**Exercise directions:** Pictures aside, copy exactly the lines running from the one with "pixelated illusion effect." to the end of the records.

[Records from a collection]
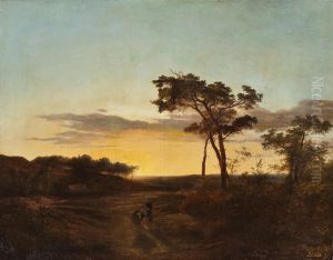 Peasant Travellers In An Extensive Landscape At Sunset
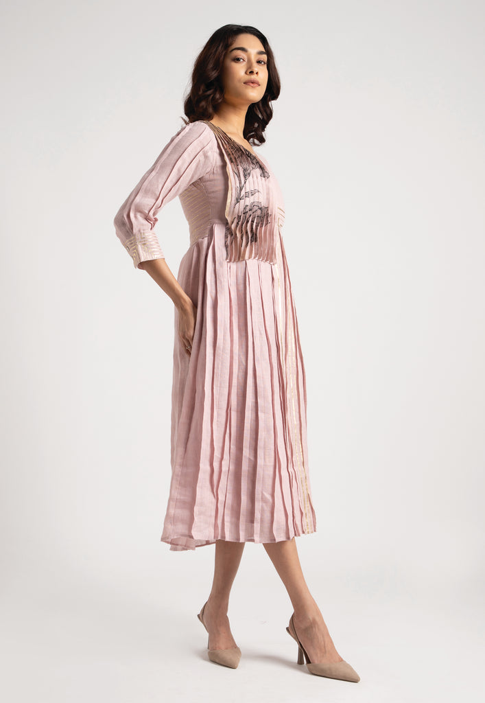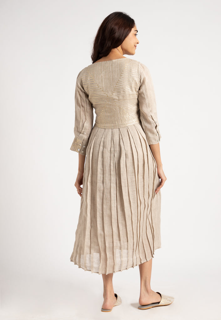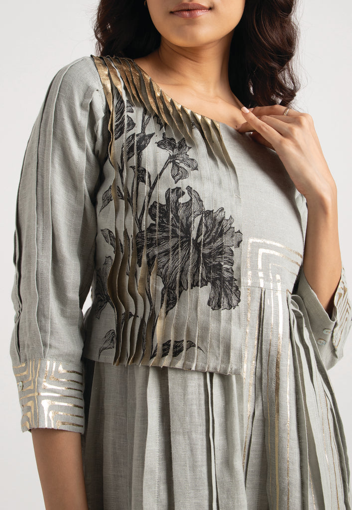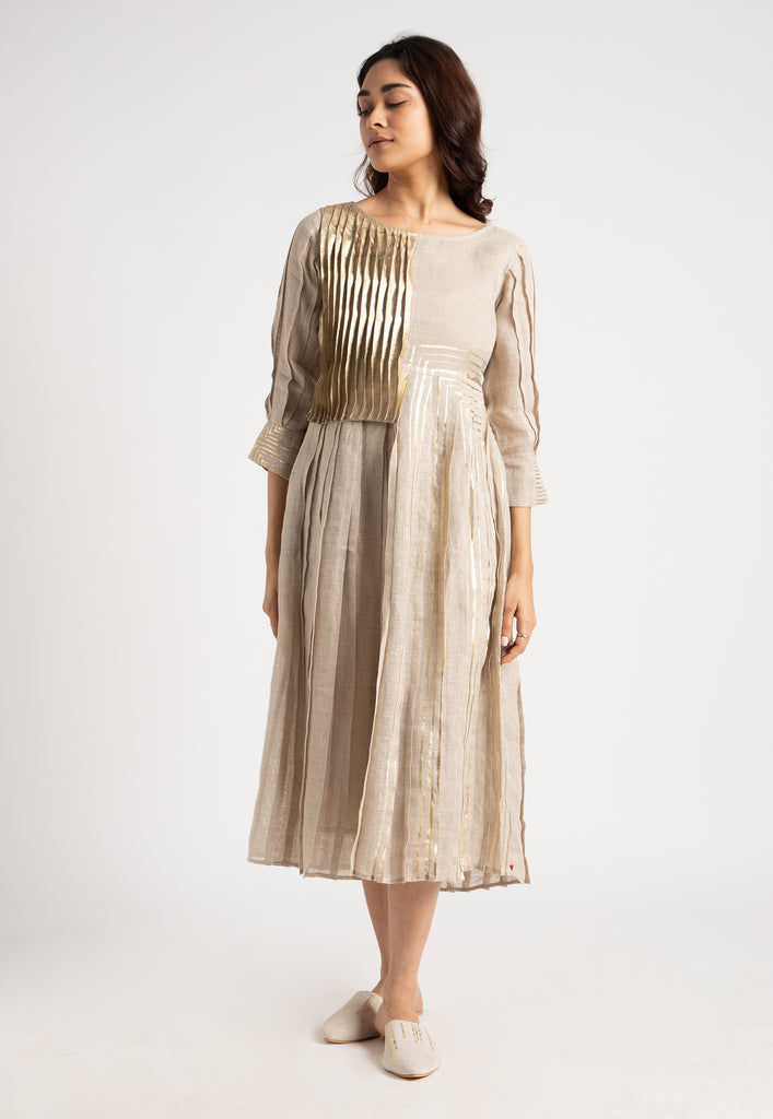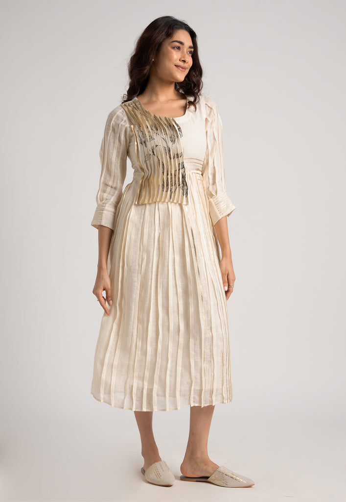 • A beautiful round neck dress adorned with hand screen printed motifs and pixelated illusion effect.
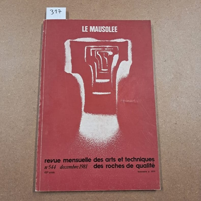 1981 - broché - Numéro 544 - Décembre 1981 - 49e année - Revue mensuelle - In-8 (27 x 18 cm) broché - p. 2323 à 2536 - Illustrations et photographies en noir et blanc - Revue fondée en 1933 par R. MOTINOT - Le Mausolée était une revue professionnelle publiée à Givors et dédiée aux métiers de la pierre et des carriers et à l’architecture funéraire. Elle mêlait articles techniques (géologie appliquée, taille, marbrerie, restauration), études de cas sur monuments et chantiers funéraires, inventaires de carrières et comptes rendus de congrès, le tout abondamment illustré par des photographies et publicités professionnelles présentant outillage, matériaux et services. Destinée aux praticiens, aux conservateurs et aux historiens du bâti, la revue servait de lien entre savoir-faire artisanaux et enjeux de conservation du patrimoine funéraire.
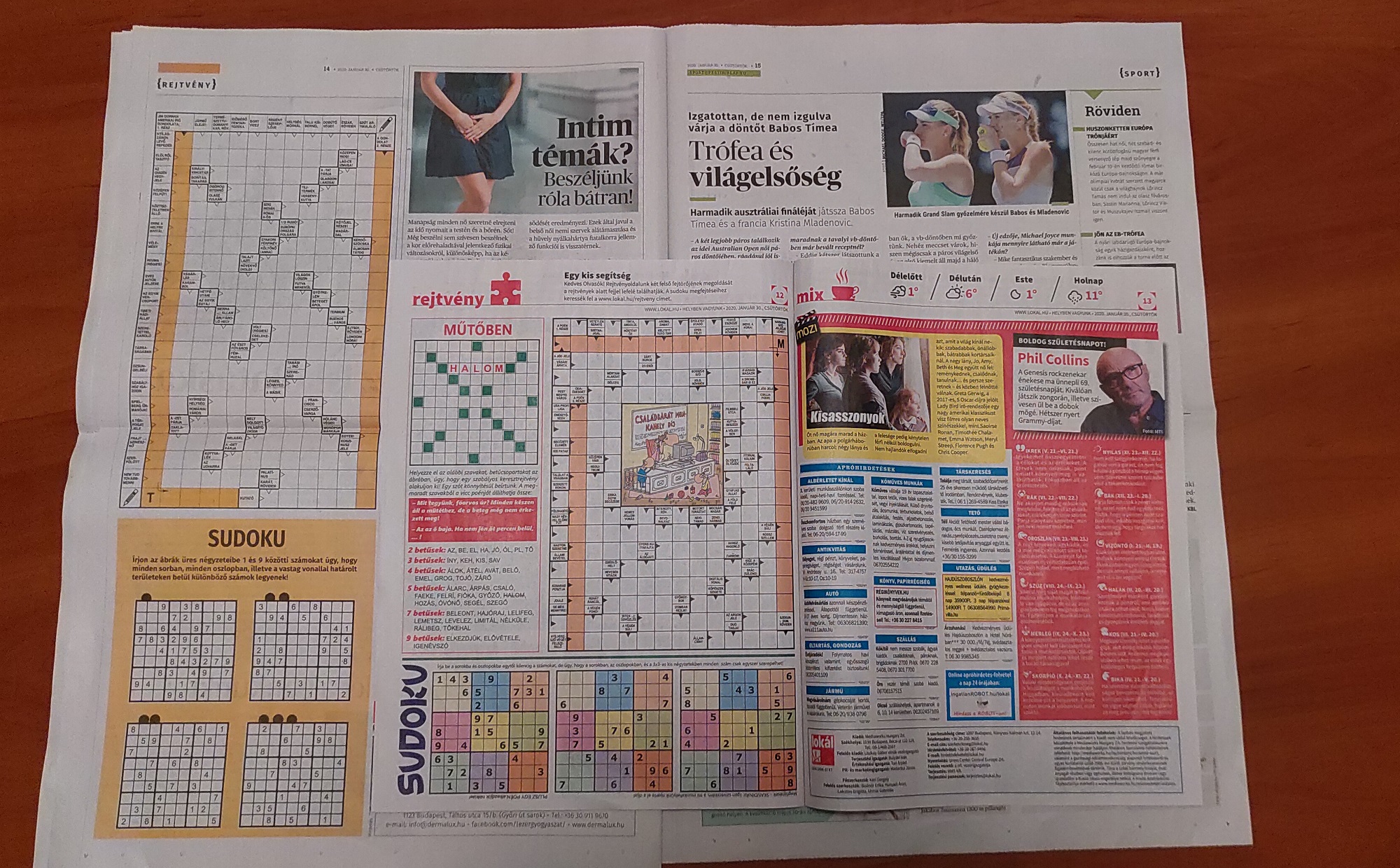 Ha az az ember vagy, aki csak a rejtvények miatt vesz el egy napilapot, akkor a Lokál a nyertes ebben a kategóriában, hiszen a keresztrejtvényen és a sudokun felül még egy harmadik rejtvény is jutott bele, a Pesti Hírlapba csak az előbbi kettő került bele. Ráadásul egy Lokál-címlap már önmagában felhőtlen szórakozás,
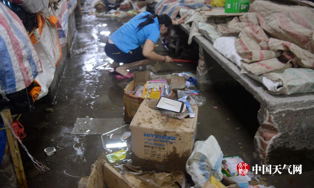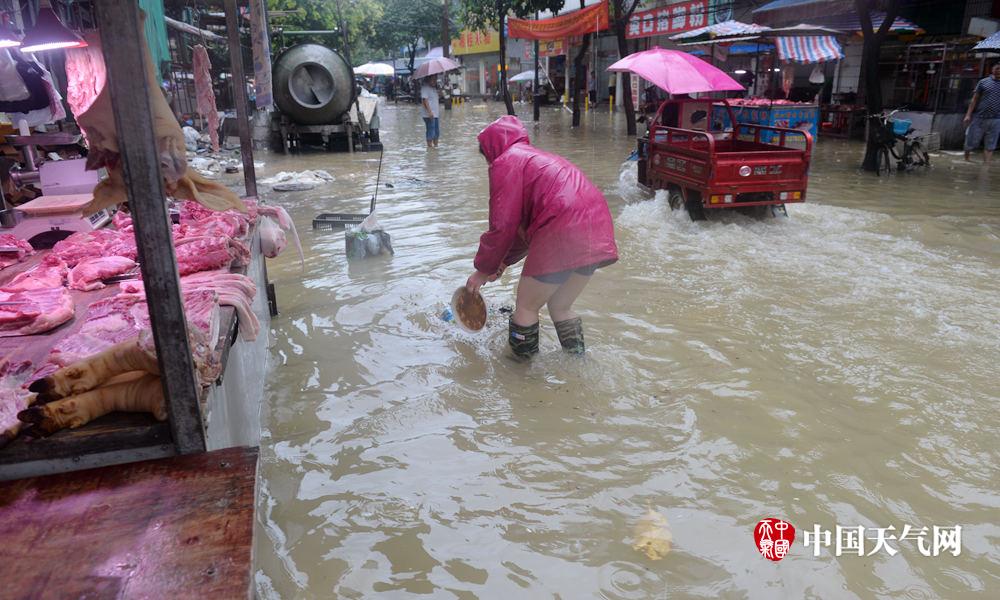 市场商户商品被泡(摄影:刘国平)

**Response to the task:**
 • A beautiful round neck dress adorned with hand screen printed motifs and pixelated illusion effect.
 1981 - broché - Numéro 544 - Décembre 1981 - 49e année - Revue mensuelle - In-8 (27 x 18 cm) broché - p. 2323 à 2536 - Illustrations et photographies en noir et blanc - Revue fondée en 1933 par R. MOTINOT - Le Mausolée était une revue professionnelle publiée à Givors et dédiée aux métiers de la pierre et des carriers et à l’architecture funéraire. Elle mêlait articles techniques (géologie appliquée, taille, marbrerie, restauration), études de cas sur monuments et chantiers funéraires, inventaires de carrières et comptes rendus de congrès, le tout abondamment illustré par des photographies et publicités professionnelles présentant outillage, matériaux et services. Destinée aux praticiens, aux conservateurs et aux historiens du bâti, la revue servait de lien entre savoir-faire artisanaux et enjeux de conservation du patrimoine funéraire.
 Ha az az ember vagy, aki csak a rejtvények miatt vesz el egy napilapot, akkor a Lokál a nyertes ebben a kategóriában, hiszen a keresztrejtvényen és a sudokun felül még egy harmadik rejtvény is jutott bele, a Pesti Hírlapba csak az előbbi kettő került bele. Ráadásul egy Lokál-címlap már önmagában felhőtlen szórakozás,
 市场商户商品被泡(摄影:刘国平)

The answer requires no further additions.